Genetic determinants in head and neck squamous cell carcinoma and their influence on global personalized medicine
Nicole L. Michmerhuizen1,2, Andrew C. Birkeland1, Carol R. Bradford1,3, J. Chad Brenner1,3
1 Department of Otolaryngology – Head and Neck Surgery, University of Michigan Medical School, Ann Arbor, MI, USA
2 Department of Pharmacology, University of Michigan Medical School, Ann Arbor, MI, USA
3 Comprehensive Cancer Center, University of Michigan Medical School, Ann Arbor, MI, USA
Correspondence:
J. Chad Brenner, email:
Keywords: epidemiology, head and neck squamous cell carcinoma, human papillomavirus, personalized medicine, sequencing
Received: May 05, 2016 Accepted: July 21, 2016 Published: July 28, 2016
Abstract
While sequencing studies have provided an improved understanding of the genetic landscape of head and neck squamous cell carcinomas (HNSCC), there remains a significant lack of genetic data derived from non-Caucasian cohorts. Additionally, there is wide variation in HNSCC incidence and mortality worldwide both between and within various geographic regions. These epidemiologic differences are in part accounted for by varying exposure to environmental risk factors such as tobacco, alcohol, high risk human papilloma viruses and betel quid. However, inherent genetic factors may also play an important role in this variability.
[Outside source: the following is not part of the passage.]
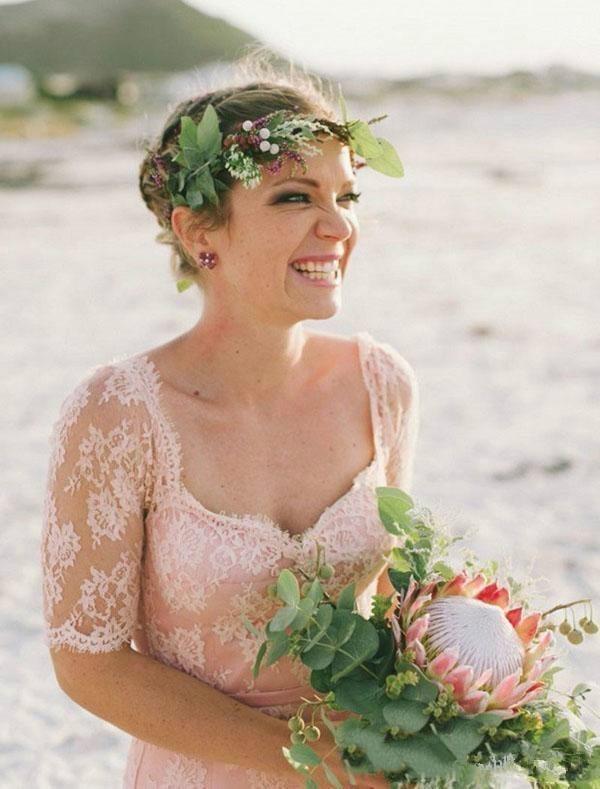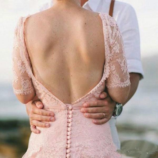 Elegant Pink A Line Wedding Dresses Short Sleeve Lace Boho Beach Bridal Gowns Garden Sexy Backless Sweep Train Robes De Mariee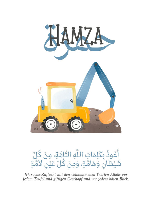 Kinderposter mit Bagger und Schutzdua für Jungs

As limited sequencing data is available for many populations, the involvement of unique genetic factors in HNSCC pathogenesis from epidemiologically diverse groups is unknown. Here, we review current knowledge about the epidemiologic, environmental, and genetic variation in HNSCC cohorts globally and discuss future studies necessary to further our understanding of these differences. Long-term, a more complete understanding of the genetic drivers found in diverse HNSCC cohorts may help the development of personalized medicine protocols for patients with rare or complex genetic events.